PROBLEM TO SOLVE =>
Give again, word for word, only the lines of the material below from its first line through the one that holds "แจ้งผู้มีสิทธิ์เข้าสัมภาษณ์(ทั้งตัวจริงและตัวสำรอง) รอบที่ 1"; pictures stay out.
---- INPUT DATA
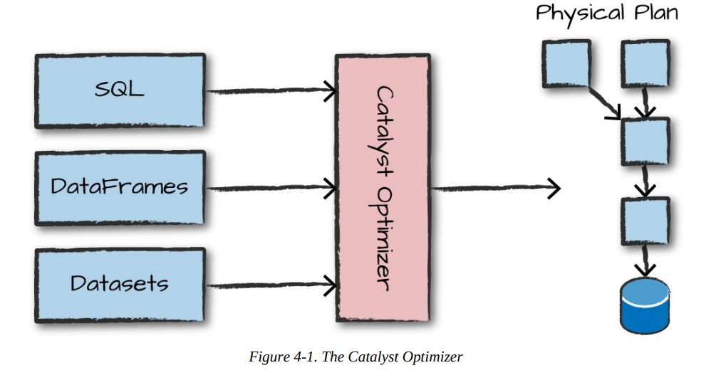 To execute code, we must write code. This code is then submitted to Spark either through the console or via a submitted job. This code then passes through the Catalyst Optimizer, which decides how the code should be executed and lays out a plan for doing so before, finally, the code is run and the result is returned to the user.
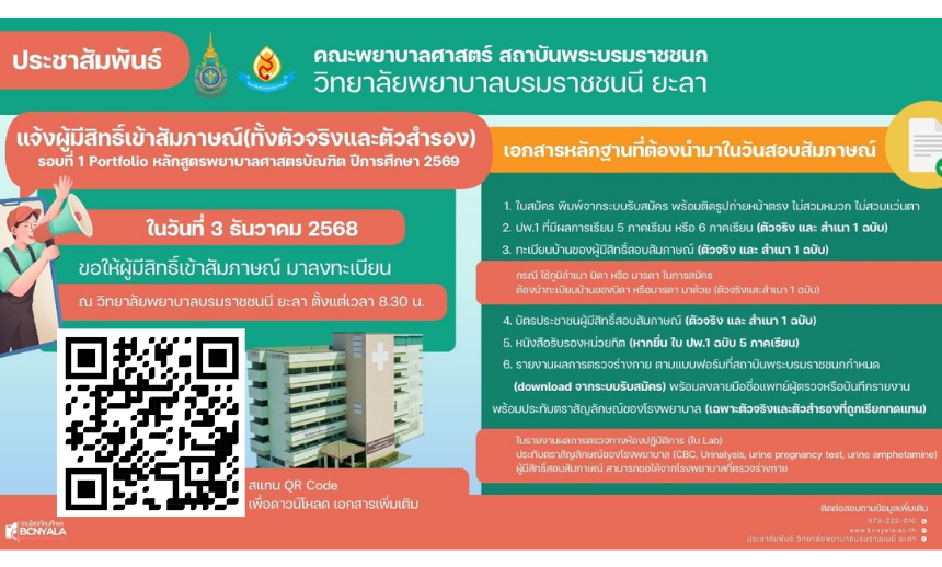 แจ้งผู้มีสิทธิ์เข้าสัมภาษณ์(ทั้งตัวจริงและตัวสำรอง) รอบที่ 1 Portfolio หลักสูตรพยาบาลศาสตรบัณฑิต ปีการศึกษา 2569
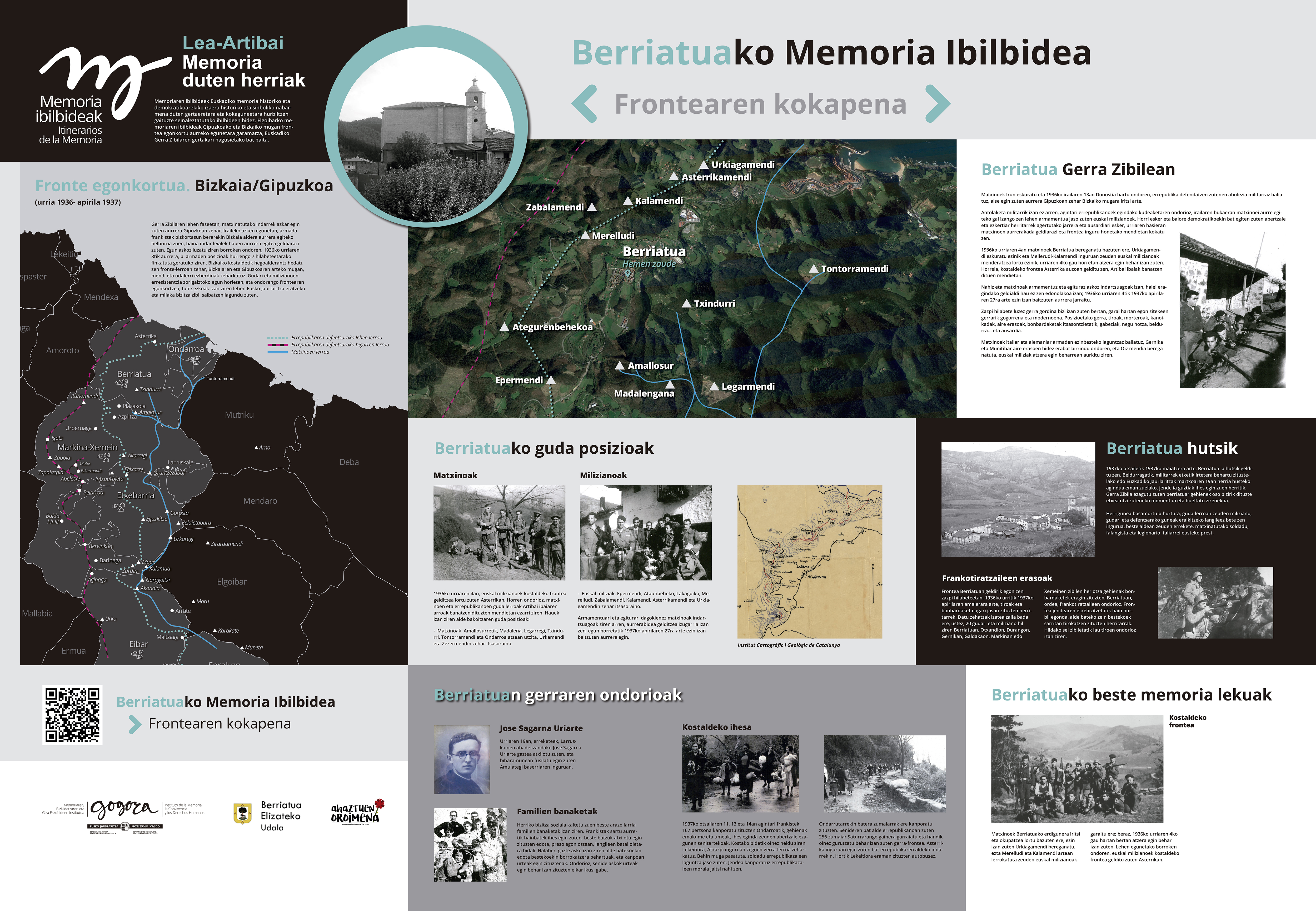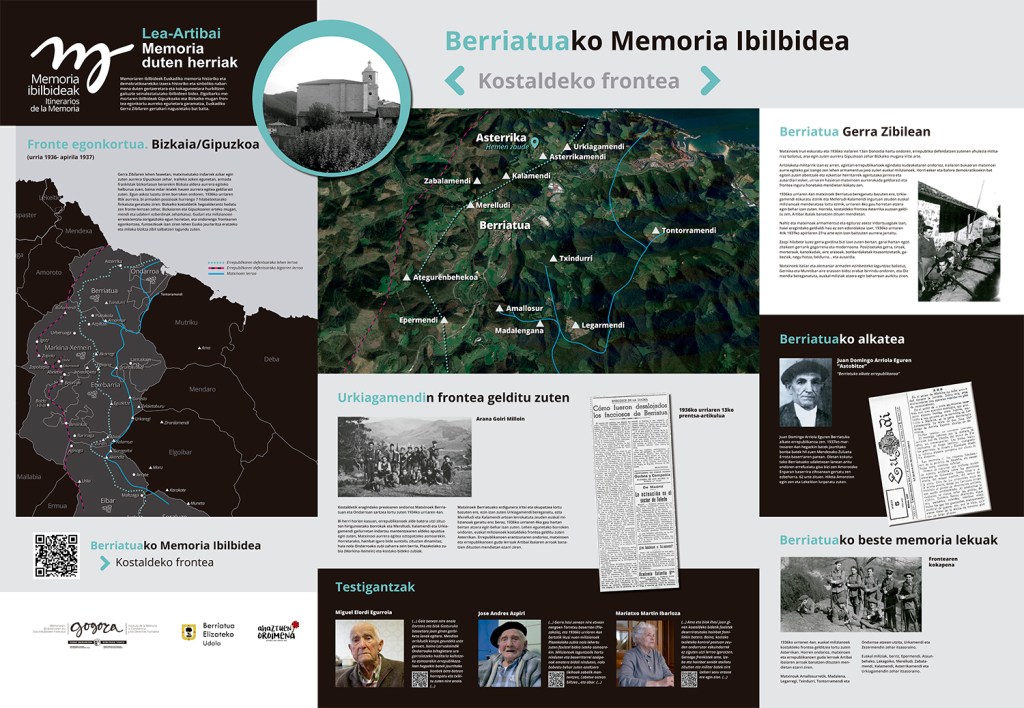 «Lea-Artibai, memoria duten herriak» jasotzen ditu, Memoriaren Ibilbideak ekimaren barruan, lehen lerroko gerra frontea hartzen duten herrietarako sortu diren informazio guneak. Gogorak (Memoriaren, Bizikidetzaren eta Giza Eskubideen Institutua) babestu eta Etxebarria, Markina-Xemein edo Berriatuako udalen ekimenarekin bat eginez, hainbat panel edo gune osatu ditugu. Berriatuan, bi gune jarri berri dira, horietako lehena, herrian bertan, herriko gertaera nagusiak jaso eta laburbiltzen dituena; bestea, Asterrikan, mendi edo lehen lerroko kokapenekin lotura zuzenagoa izango duena. Duela gutxi, Etxebarrian kokatutakoak aurkeztu genituen, hona hemen Berriatuakoak eta laister izango dituzue ikusgain Markina-Xemeingoak.»Lea-Artibai, memoria duten herriak jasotzen ditu, Memoriaren ibilbideak ekimaren barruan, lehen lerroko gerra frontea hartzen duten herrietarako sortu diren informazio guneak. Gogorak (Memoriaren, Bizikidetzaren eta Giza Eskubideen Institutua) babestu eta Etxebarria, Markina-Xemein edo Berriatuako udalen ekimenarekin bat eginez, hainbat panel edo gune osatu ditugu. Berriatuan, bi gune jarri berri dira, horietako lehena, herrian bertan, herriko gertaera nagusiak jaso eta laburbiltzen dituena eta bestea, Asterrikan, mendi edo lehen lerroko kokapenekin lotura zuzenagoa izango duena. Duela gutxi, Etxebarrian kokatutakoak aurkeztu genituen, hona hemen Berriatuakoak eta laister izango dituzue ikusgain Markina-Xemeingoak.
--------
SOLUTION =>
 To execute code, we must write code. This code is then submitted to Spark either through the console or via a submitted job. This code then passes through the Catalyst Optimizer, which decides how the code should be executed and lays out a plan for doing so before, finally, the code is run and the result is returned to the user.
 แจ้งผู้มีสิทธิ์เข้าสัมภาษณ์(ทั้งตัวจริงและตัวสำรอง) รอบที่ 1 Portfolio หลักสูตรพยาบาลศาสตรบัณฑิต ปีการศึกษา 2569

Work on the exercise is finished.